米国株式市場は小幅高、予算教書が支援

ほぼ予想通りの内容、投資家の間で安心感

 5月23日、米国株式市場は小幅高。写真はNY証券取引所のトレーダー、22日撮影(2017年 ロイター/Brendan McDermid)

[ニューヨーク 23日 ロイター] - 米国株式市場は小幅高。トランプ米政権の予算教書公表を受けて買いが優勢となったが、自動車部品小売りなど一般消費財株は軟調だった。

予算教書はインフラ投資や国防費を増額する一方で社会保障費を削減するなど、おおむね予想通りの内容で、投資家の間で安心感が広がった。バンク・オブ・ザ・ウエストのチーフ・インベストメント・ストラテジスト、ウェード・バリエット氏は「大きな驚きはなく、マーケットはこの点を歓迎した」と述べた。

S&P500種指数は2400を回復する場面もあったが、終盤にかけて上げ幅を縮めた。

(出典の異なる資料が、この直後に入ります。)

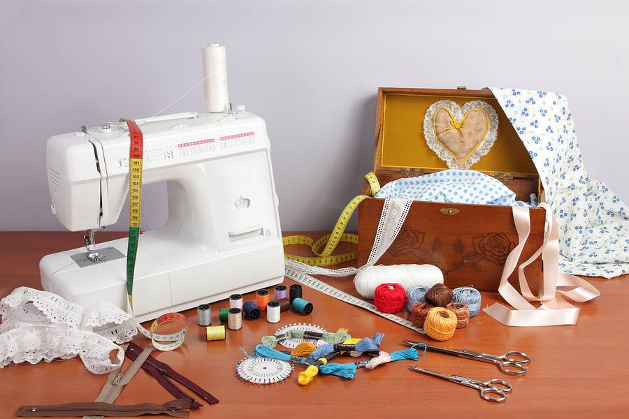 — ткань, сантиметровая лента, линейка, мел, ножницы, булавки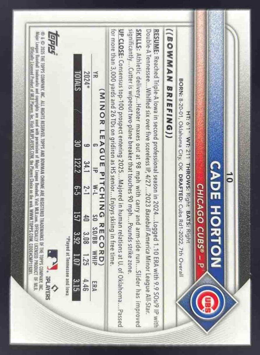 2025 Bowman Chrome Red RC Variation #10 Cade Horton RC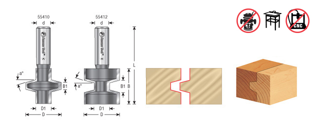 The tongue-and-groove joint cut by this two-bit set can be used for applications as diverse as assembling broad tabletops and other panels and making strip flooring. Use it on stock from 5/8" through 1-1/4" thick.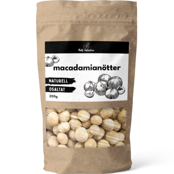 Nuts Fabriken premium macadamianötter är goda att äta som en snack och innehåller fettsyror och antioxidanter. Du kan avnjuta nötterna direkt från påsen eller använda dem som en ingrediens i bakning eller matlagning.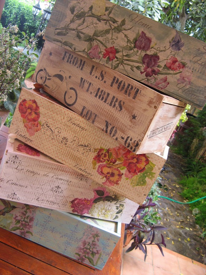 Como os conté, la semana que viene es la feria artesanal y estoy terminando cosas para llevar. Las cajas son lo que tiene más salida asi que ya veis......cajas, cajas y más cajas...además me encanta hacerlas....lo único es que a lo mejor os canso un poco....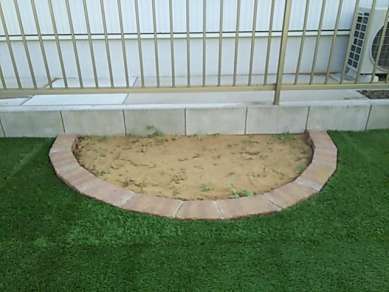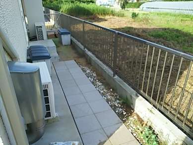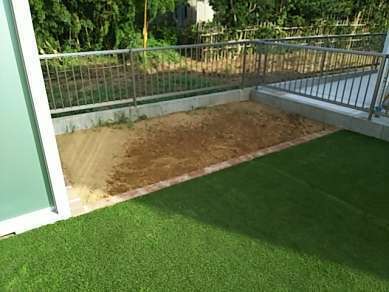 ウッドデッキ工事を行いました。 地面が土のため平板を敷いて束柱をたてました。 L字 手すり 外観左 段床

トランプ大統領が外遊中で、昨年の米大統領選へのロシアの介入疑惑などを巡る新たな報道がなかったことは相場の支えになった。

リバティービュー・キャピタル・マネジメントのリック・メクラー社長は「トランプ氏が不在のため報道の勢いがやや鈍り、投資家が徐々に戻った」と話した。

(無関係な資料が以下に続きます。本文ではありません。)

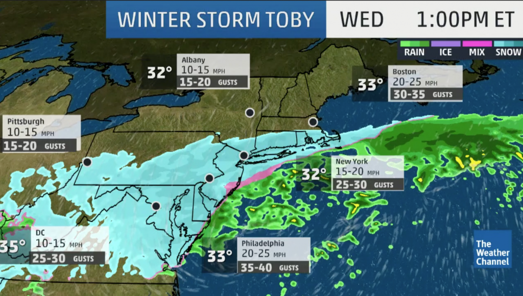 星期二,冬季風暴Toby來襲,已影響中大西洋地區(mid-Atlantic)、東北部。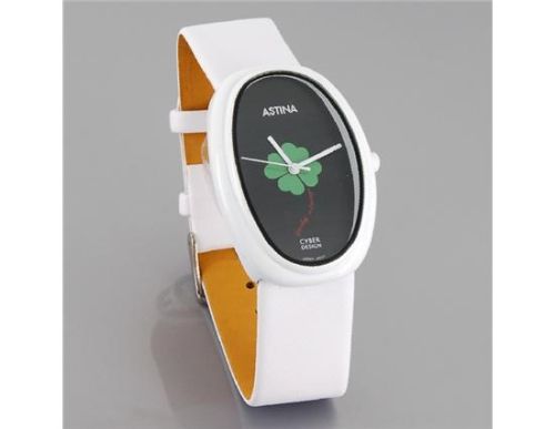 椭圆形四叶草图案表盘PU皮革带手表(白) M.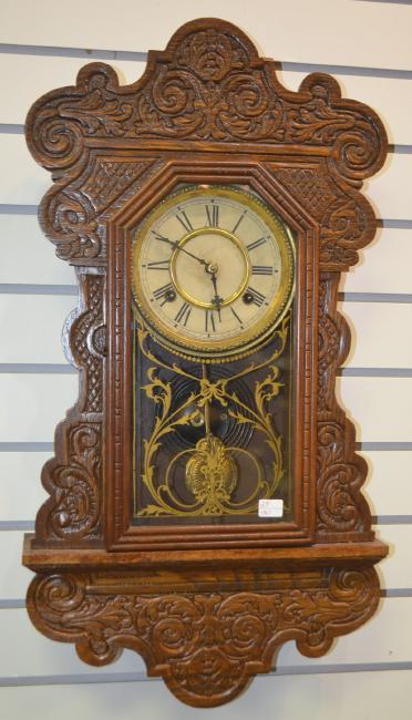 Antique Gilbert Kitchen Mantel Clock “Leopard”. Walnut Estimate: Auctioneer: Sold Price: Sold Date: Antique Ansonia Oak “T...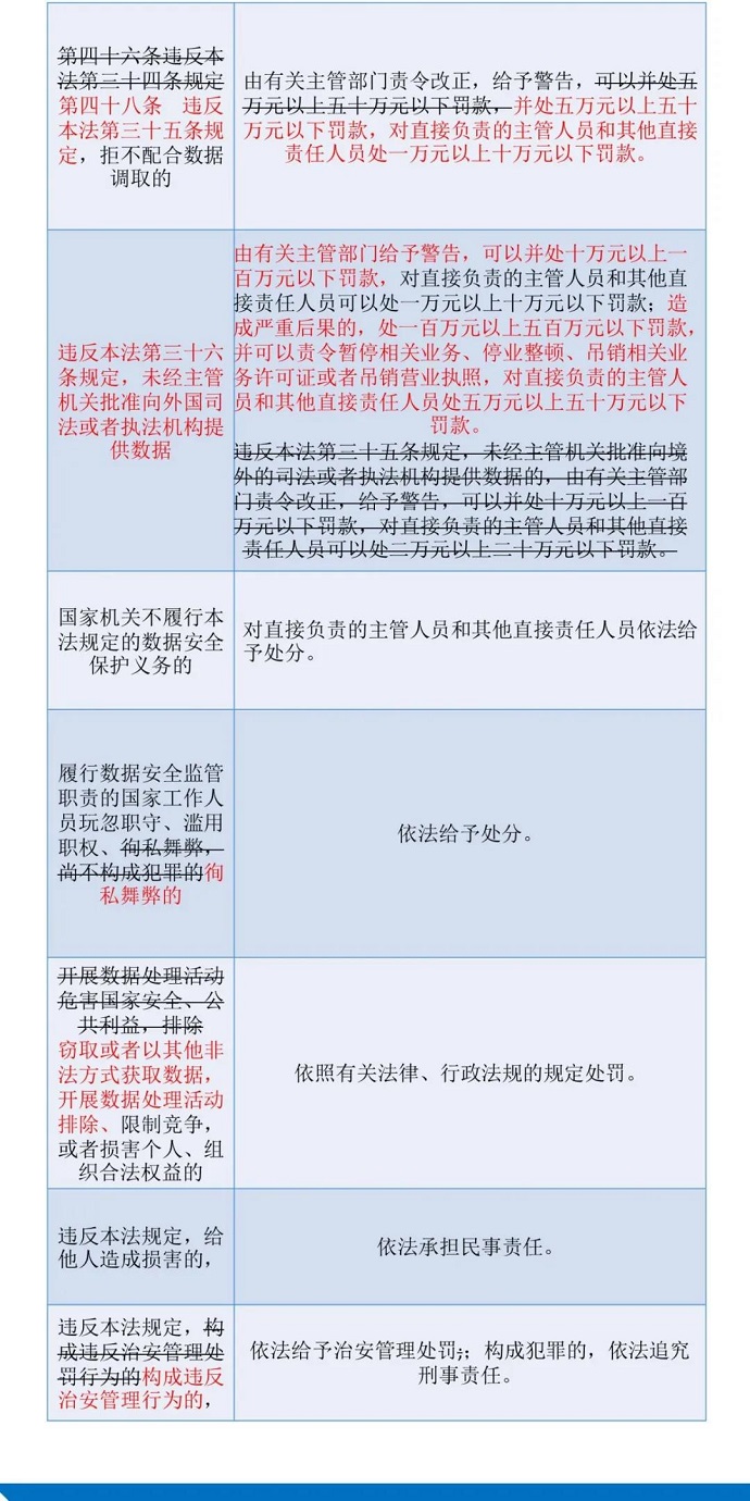 以下图文是根据数据安全法最终稿与二审稿的31条修改按照章节和分类整理做出的对比,划“删除线”的是二审稿的内容,“红色字体”是最终稿新增加的内容,方便大家稍作理解。
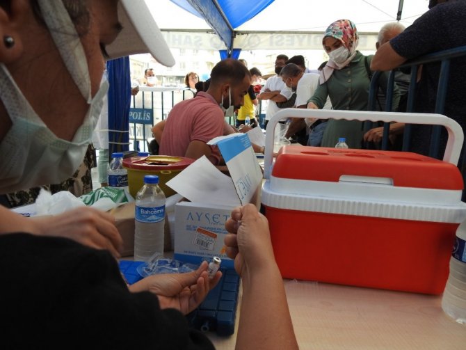 Aşılama çalışmalarının hızlı bir şekilde ilerlediği Gaziantep'te İl Sağlık Müdürlüğü ekipleri tarafından alışveriş merkezlerinde, kırsal mahallelerde, fabrikalarda ve kentin yoğun bölgelerinde oluşturulan mobil stantlarda vatandaşlara randevusuz bir şekilde aşı hizmeti veriliyor. Kentin en yoğun bölgelerinden biri olan Balıklı Meydanı'nda kurulan stantta ise günlük 500 vatandaş korona virüs aşısı oluyor. Yer yer kuyrukların oluştuğu stantta görev alan hemşire Gülay Beken, vatandaşları aşı olmaya davet etti.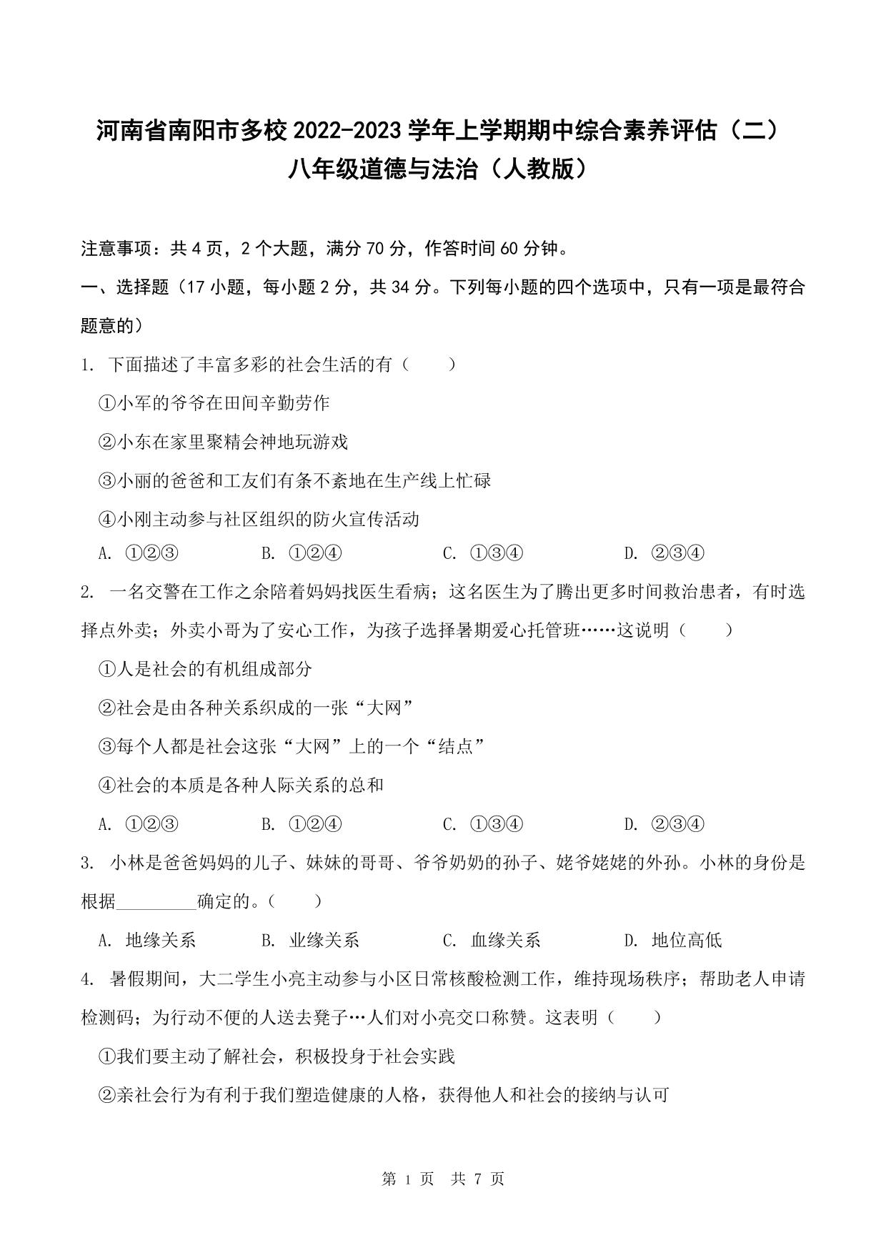 河南省南阳市多校2022-2023学年上学期期中综合素质评估(二)八年级道德与法治(人教版)

この日発表の経済指標は弱め。4月新築住宅販売は年率換算で前月比11.4%減と、9年半ぶりの高水準だった3月分から大きく落ち込んだ。

S&P500種のセクター別指数は主要11業種のうち10業種が上昇。金融株指数 <.SPSY>は0.8%上昇した。

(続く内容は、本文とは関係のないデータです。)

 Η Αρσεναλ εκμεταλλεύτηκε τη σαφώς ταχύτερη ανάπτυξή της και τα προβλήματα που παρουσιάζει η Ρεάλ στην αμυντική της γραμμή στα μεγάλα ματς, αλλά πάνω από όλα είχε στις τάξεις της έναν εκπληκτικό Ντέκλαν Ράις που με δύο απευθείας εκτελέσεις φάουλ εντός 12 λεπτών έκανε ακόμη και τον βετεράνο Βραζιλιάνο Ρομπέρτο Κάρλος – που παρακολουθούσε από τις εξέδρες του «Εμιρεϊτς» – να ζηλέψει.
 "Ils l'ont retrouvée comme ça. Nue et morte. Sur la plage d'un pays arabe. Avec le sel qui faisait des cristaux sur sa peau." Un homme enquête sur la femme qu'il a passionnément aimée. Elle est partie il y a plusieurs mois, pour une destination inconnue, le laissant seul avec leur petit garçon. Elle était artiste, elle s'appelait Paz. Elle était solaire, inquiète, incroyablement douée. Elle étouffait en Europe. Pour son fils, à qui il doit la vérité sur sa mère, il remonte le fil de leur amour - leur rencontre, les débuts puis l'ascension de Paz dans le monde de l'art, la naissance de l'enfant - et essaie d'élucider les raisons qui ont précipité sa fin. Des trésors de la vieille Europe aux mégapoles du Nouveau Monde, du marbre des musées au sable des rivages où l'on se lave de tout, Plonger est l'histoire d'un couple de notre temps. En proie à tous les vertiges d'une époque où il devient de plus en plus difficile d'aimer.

半面、一般消費財<.SPLRCD>は0.4%安と下げ幅が大きかった。決算が予想に届かなかった自動車部品小売チェーンのオートゾーン<AZO.N>は11.8%下落。オライリー・オートモーティブ<ORLY.O>やジェニュイン・パーツ<GPC.N>など他の自動車部品小売りも全般に下げた。

騰落銘柄数は、ニューヨーク証券取引所では上げ銘柄が下げ銘柄を上回り、比率は1.48対1だった。ナスダックも1.11対1で上げが下げを上回った。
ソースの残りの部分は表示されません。